▶ _TASK TO COMPLETE_:
Beginning with the line of the entries below that holds "- Create a resource" and ending with the line that holds "ich habe ein Problem", transcribe each line exactly as written. Pictures stay out.

::: INPUT

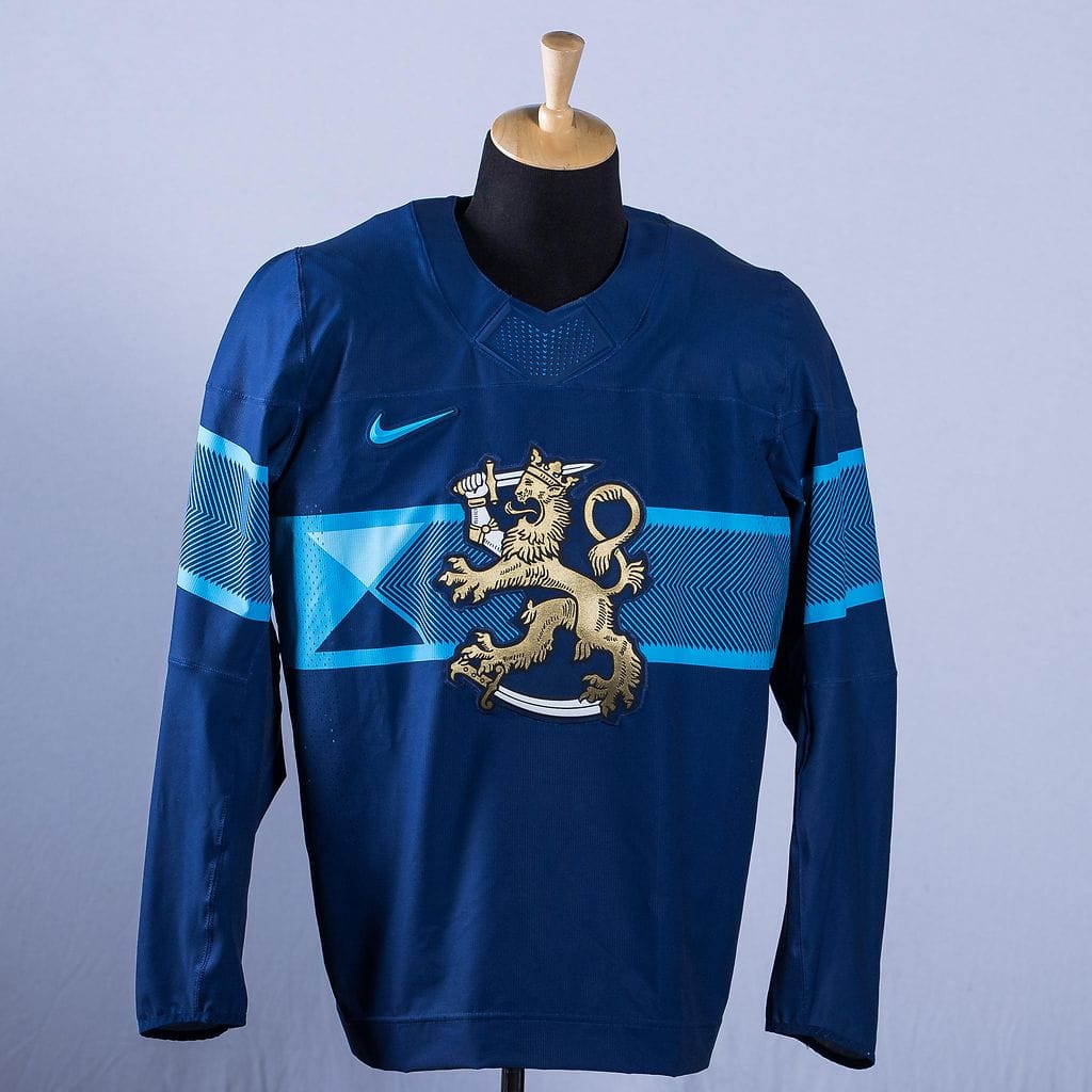 Leijonien Milanon olympiapaita edustaa modernia, pelkistettyä tyylikkyyttä. Kuva: Suomen jääkiekkoliitto
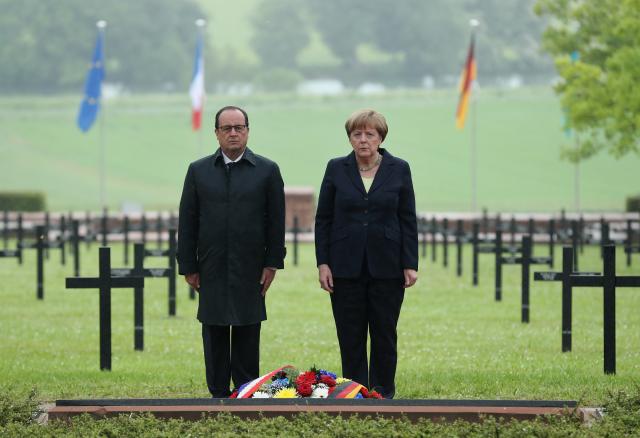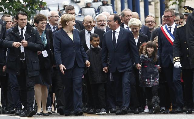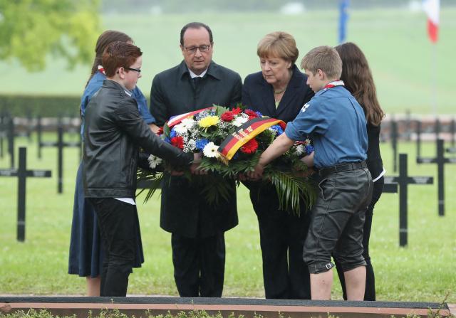 Francuski predsednik Fransoa Oland i nemačka kancelarka Angela Merkel predvodili su zajedničke ceremonije obeležavanja 100 godina od Verdenske bitke.
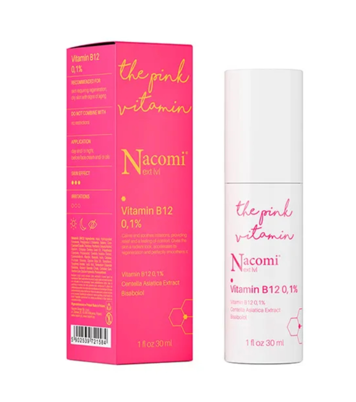 Descubre este sérum con vitamina B12 al 0,1% The Pink Vitamin de Nacomi mejora el estado de la piel sensible, le da un aspecto radiante y acelera la regeneración, manteniendo el nivel adecuado de hidratación.
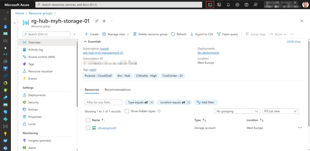 - Create a resource group for the Cloud Shell resources if it not already exists. Also apply the necessary tags to this resource group.
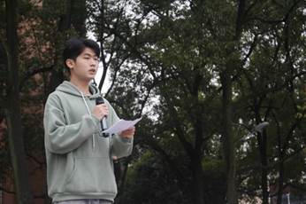升旗过后,学生代表来文豪作国旗下讲话。首先,他代表全体同学向运动员获得的优异成绩表示祝贺,随后借助于运动会的一些事情来告诉同学们坚守公平正义对的重要性,作为长大学子有责任有义务去捍卫公平,维护正义,坚守党的最高理想,做到心之所想,便是党心所向。
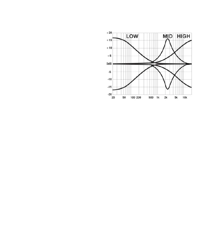 Mid band is a bell shaped peak/dip filter,
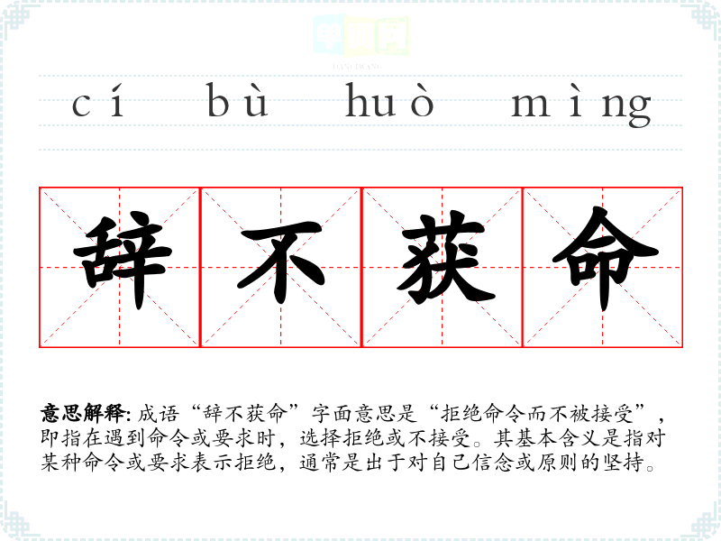 成语“辞不获命”字面意思是“拒绝命令而不被接受”,即指在遇到命令或要求时,选择拒绝或不接受。其基本含义是指对某种命令或要求表示拒绝,通常是出于对自己信念或原则的坚持。
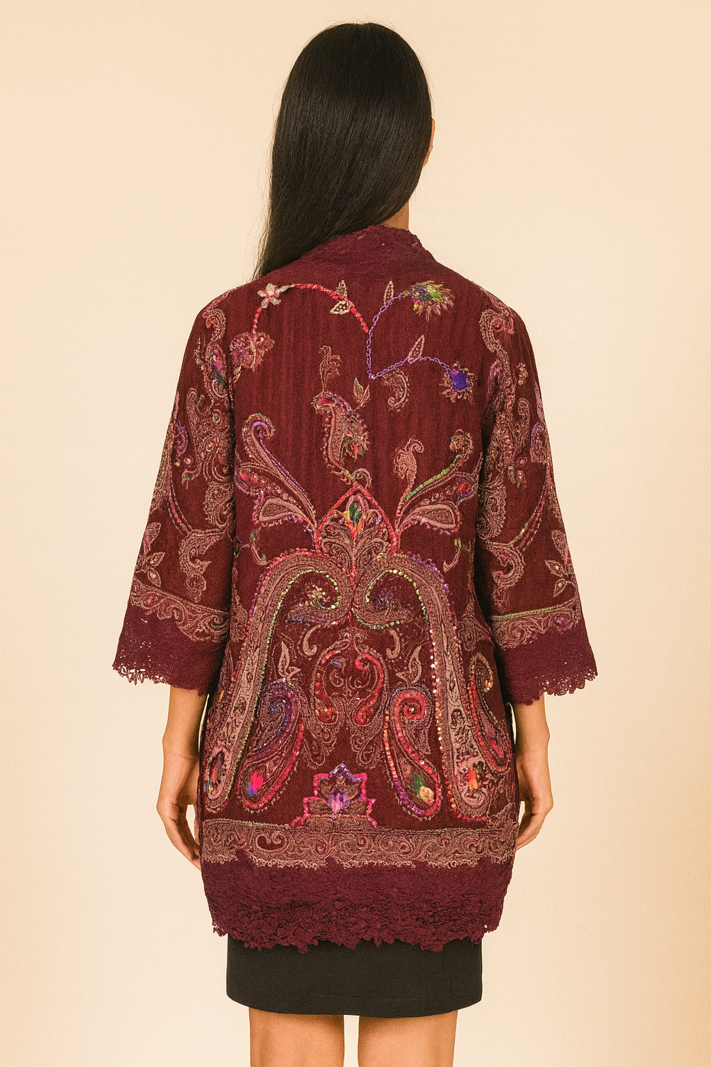 Elevate your style with this elegant Maroon Wool Embroidery Lace Jacket, beautifully designed with a blend of comfort, craftsmanship, and timeless charm. The soft woollen fabric features an all-over floral embroidered pattern in subtle tones, giving it a classic yet refreshing appeal.
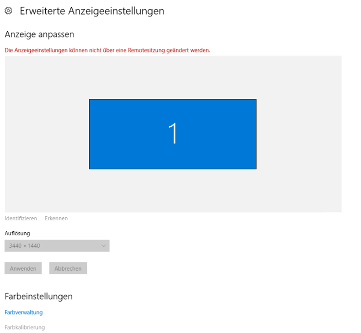 ich habe ein Problem und zwar habe ich einen Ultra Curved Monitor (3440x1440x) und mache aktuell eine Weiterbildung und habe dafür eine Testumgebung bekommen (Windows Server 2016), leider kann ich die Bildschirmauflösung nicht ändern. Das nervt wirklich sehr die RDP Session übernimmt meine 3440x1440 Auflösung, ich würde die Auflösung gerne z.B. auf 1920x1080 umändern. Ich habe einen Tag lang recherchiert und folgende Methoden leider erfolglos ausprobiert:
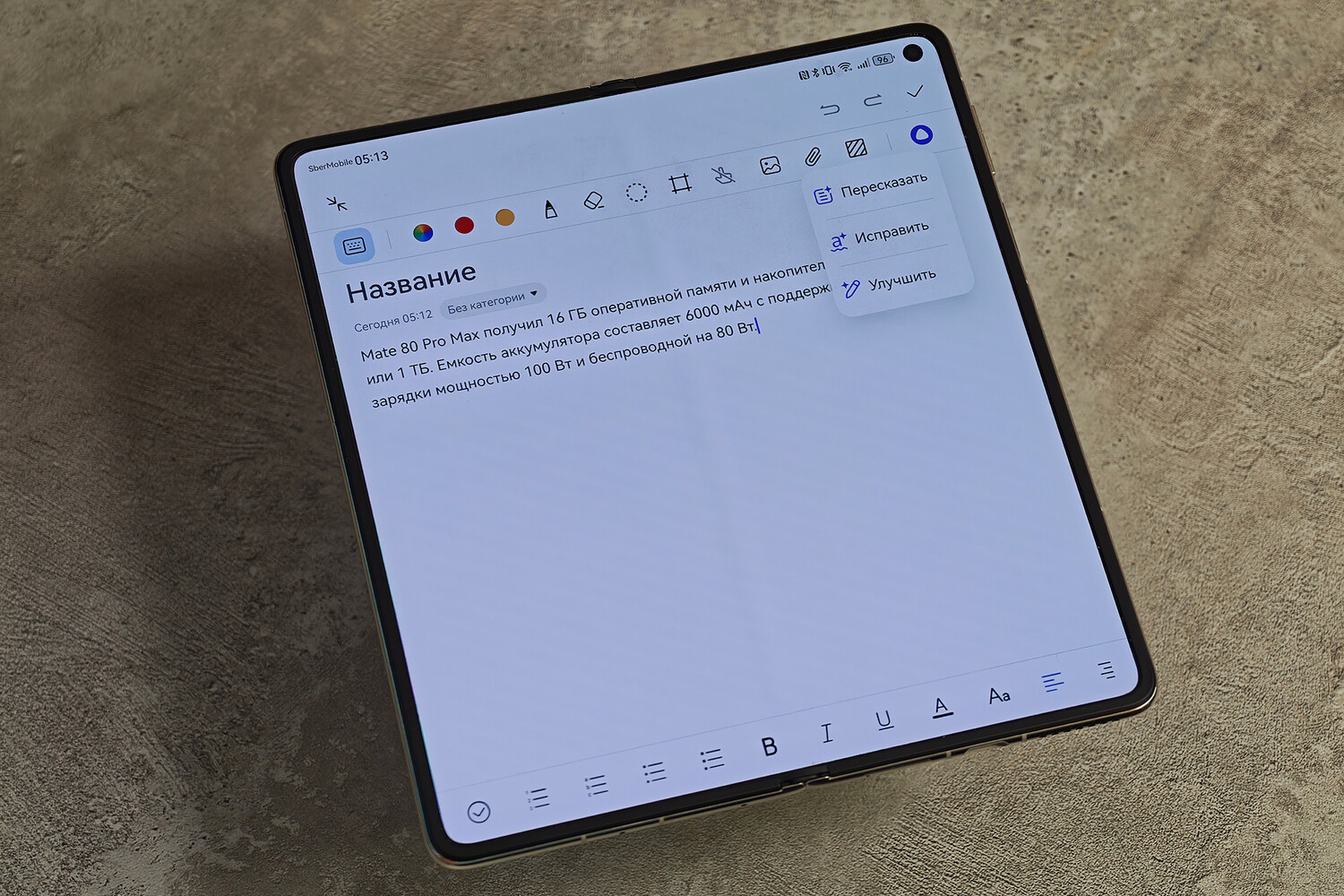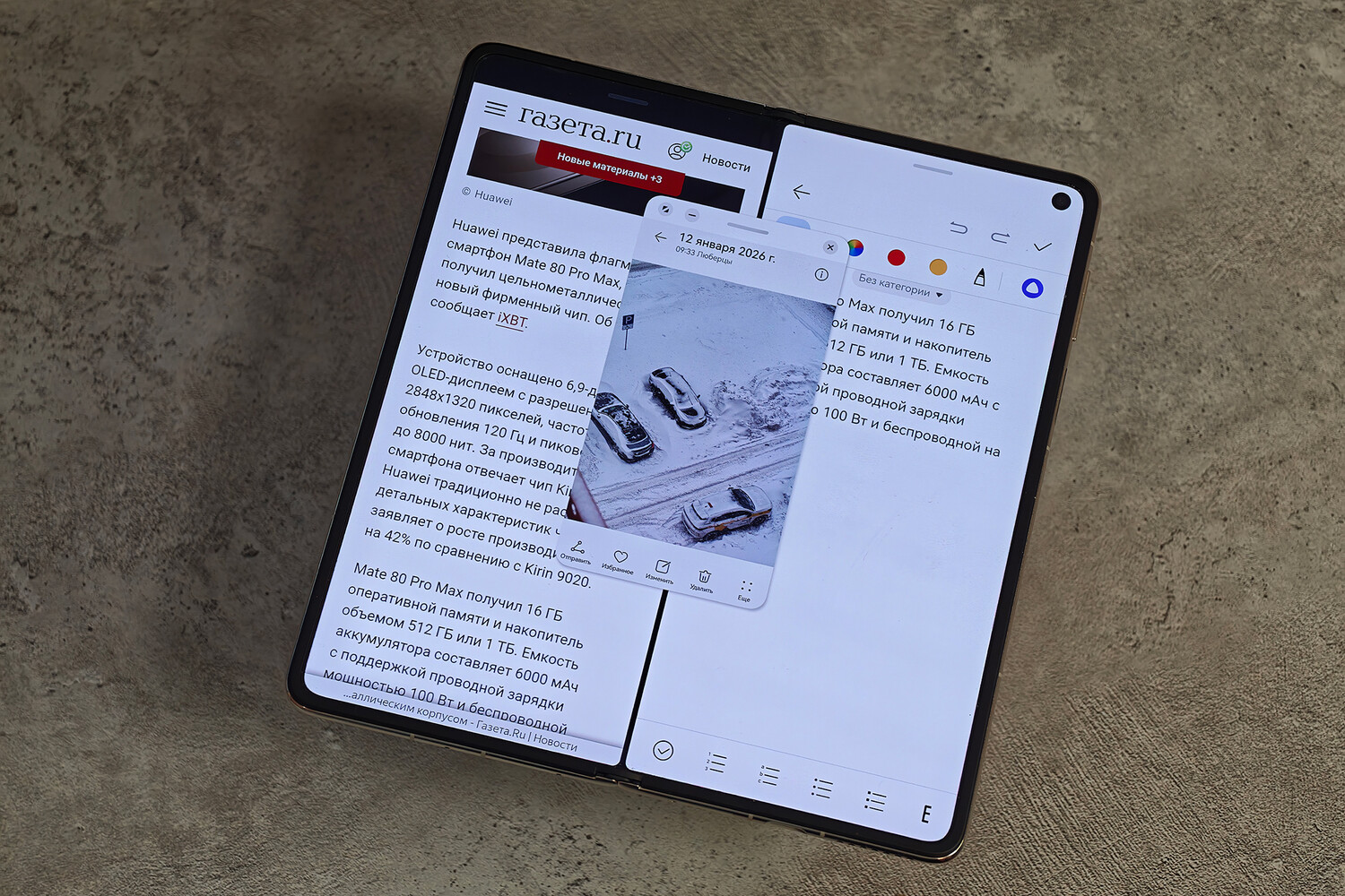 Ценность складного формата раскрывается в практичности. Большой экран будет полезен в задачах, где обычному смартфону «тесно». На внутреннем дисплее удобнее всего работать с таблицами и документами, читать, смотреть кино и многое другое. Например, часть этого обзора была написана в метро прямо со смартфона, который пригодился в работе «на ходу» там, где развернуть ноутбук было невозможно.
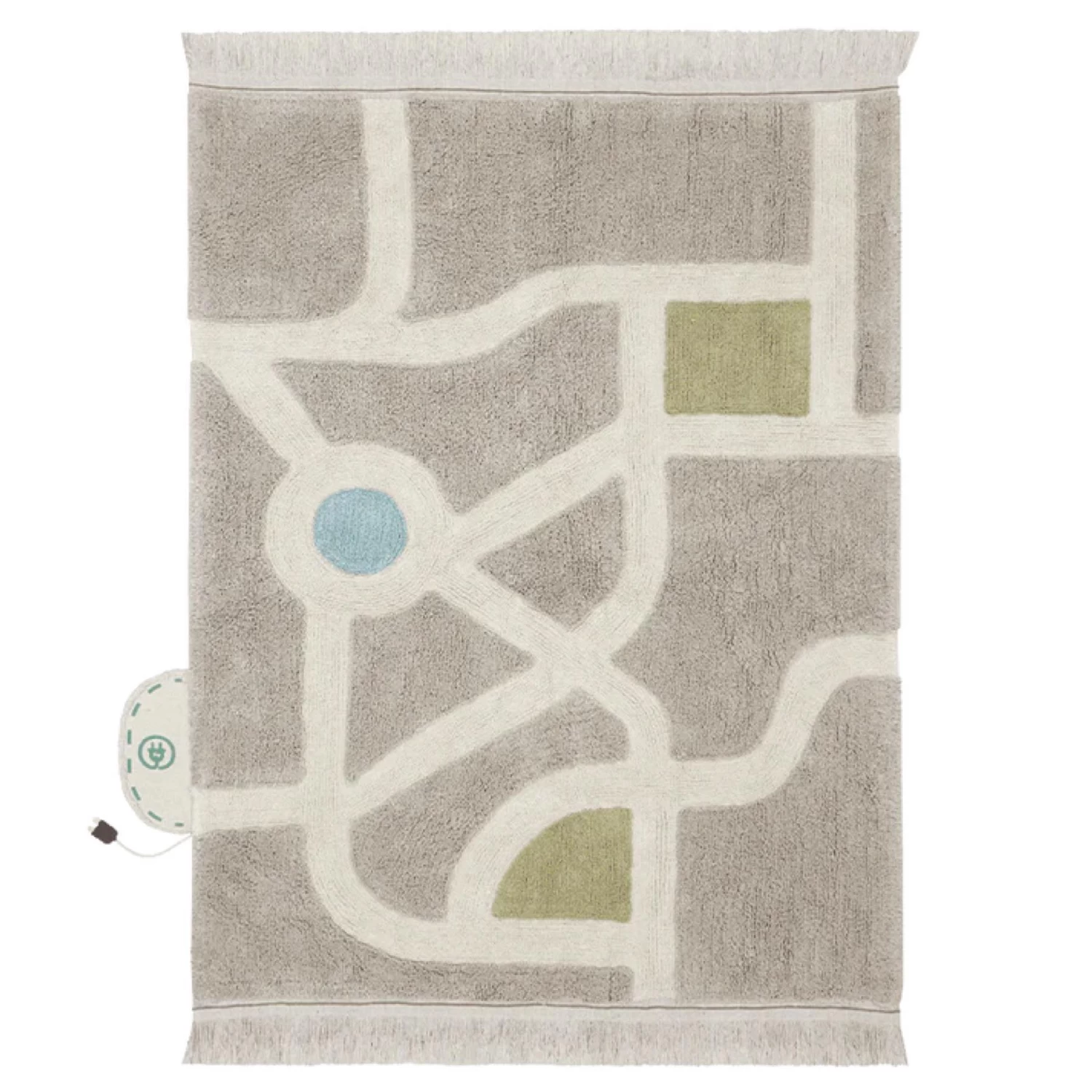 It’s playtime in the Eco-City! A place where kids learn by playing, where electric vehicles take over the hustle & bustle with their clean and quiet vroom-vrooms. Children can let their imagination run wild on this plush city map washable play rug, complete with its very own signposts, traffic lights, trees, e-cars, bikes, and even an EV charging station!
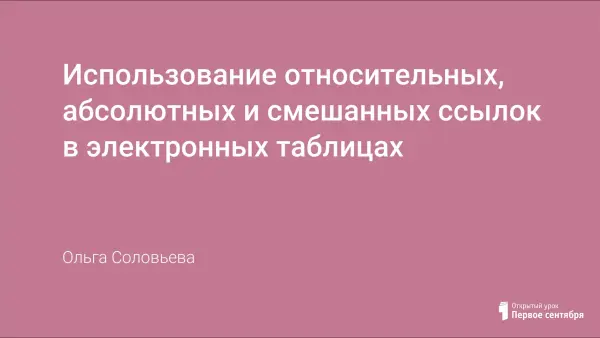 На уроке учащиеся учатся использовать в формулах электронной таблицы относительные, абсолютные и смешанные ссылки, развивают логическое мышление учащихся, формируют познавательный интерес к предмету.
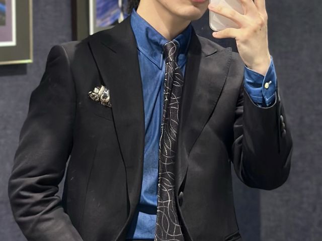 王道なブレザーとの組み合わせもよくしますが、ブラックリネンスーツにもよく合わせます。

::::::

▶ _TASK RESPONSE_:
 - Create a resource group for the Cloud Shell resources if it not already exists. Also apply the necessary tags to this resource group.
升旗过后,学生代表来文豪作国旗下讲话。首先,他代表全体同学向运动员获得的优异成绩表示祝贺,随后借助于运动会的一些事情来告诉同学们坚守公平正义对的重要性,作为长大学子有责任有义务去捍卫公平,维护正义,坚守党的最高理想,做到心之所想,便是党心所向。
 Mid band is a bell shaped peak/dip filter,
 成语“辞不获命”字面意思是“拒绝命令而不被接受”,即指在遇到命令或要求时,选择拒绝或不接受。其基本含义是指对某种命令或要求表示拒绝,通常是出于对自己信念或原则的坚持。
 Elevate your style with this elegant Maroon Wool Embroidery Lace Jacket, beautifully designed with a blend of comfort, craftsmanship, and timeless charm. The soft woollen fabric features an all-over floral embroidered pattern in subtle tones, giving it a classic yet refreshing appeal.
 ich habe ein Problem und zwar habe ich einen Ultra Curved Monitor (3440x1440x) und mache aktuell eine Weiterbildung und habe dafür eine Testumgebung bekommen (Windows Server 2016), leider kann ich die Bildschirmauflösung nicht ändern. Das nervt wirklich sehr die RDP Session übernimmt meine 3440x1440 Auflösung, ich würde die Auflösung gerne z.B. auf 1920x1080 umändern. Ich habe einen Tag lang recherchiert und folgende Methoden leider erfolglos ausprobiert:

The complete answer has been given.